Untuk tipe Classic tersedia varian Standard dan Dynamic dengan kapasitas baterai sekitar 7,4 kWh. Dalam mode listrik penuh, kendaraan ini mampu menempuh jarak sekitar 40 kilometer.
Sementara itu, tipe Cross tersedia dalam pilihan Advance, Superior 7-Seater, dan Superior Captain Seat. Varian ini menggunakan baterai berkapasitas 18,3 kWh dengan kemampuan berkendara menggunakan tenaga listrik hingga sekitar 100 kilometer.
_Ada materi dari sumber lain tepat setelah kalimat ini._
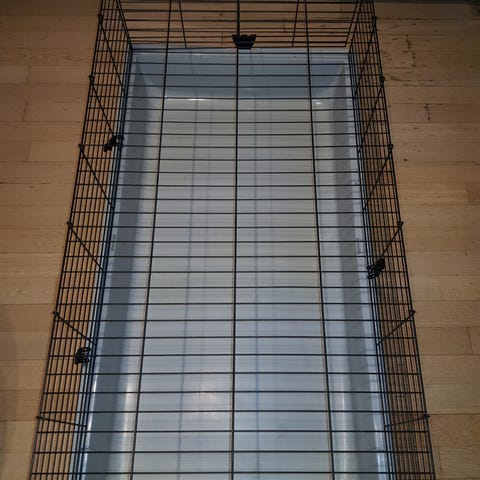 Svært lite brukt - kun brukt som ekstra bur og på ferie ved et fåtall tilfeller. Avsatsen inne i buret, flaske og høyholder følger ikke med.

Perbedaan kapasitas baterai tersebut membuat karakter penggunaan kedua tipe menjadi berbeda. Tipe Classic lebih berorientasi pada efisiensi harian, sedangkan tipe Cross menawarkan kemampuan berkendara listrik yang lebih panjang.
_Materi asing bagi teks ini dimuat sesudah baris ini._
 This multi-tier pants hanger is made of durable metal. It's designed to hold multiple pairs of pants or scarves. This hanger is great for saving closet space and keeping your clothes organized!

Mana yang Lebih Layak Dipilih?
Pilihan antara BYD M6 Full EV dan BYD M6 Dual Mode bergantung pada kebutuhan pengguna.
Bagi konsumen yang memiliki akses mudah ke fasilitas pengisian daya dan lebih banyak berkendara di dalam kota, BYD M6 Full EV dapat menjadi pilihan menarik karena biaya operasional yang lebih rendah.
Sebaliknya, bagi pengguna yang sering melakukan perjalanan jarak jauh dan tidak ingin bergantung sepenuhnya pada stasiun pengisian kendaraan listrik, BYD M6 Dual Mode menawarkan fleksibilitas lebih besar berkat kombinasi tenaga listrik dan bensin.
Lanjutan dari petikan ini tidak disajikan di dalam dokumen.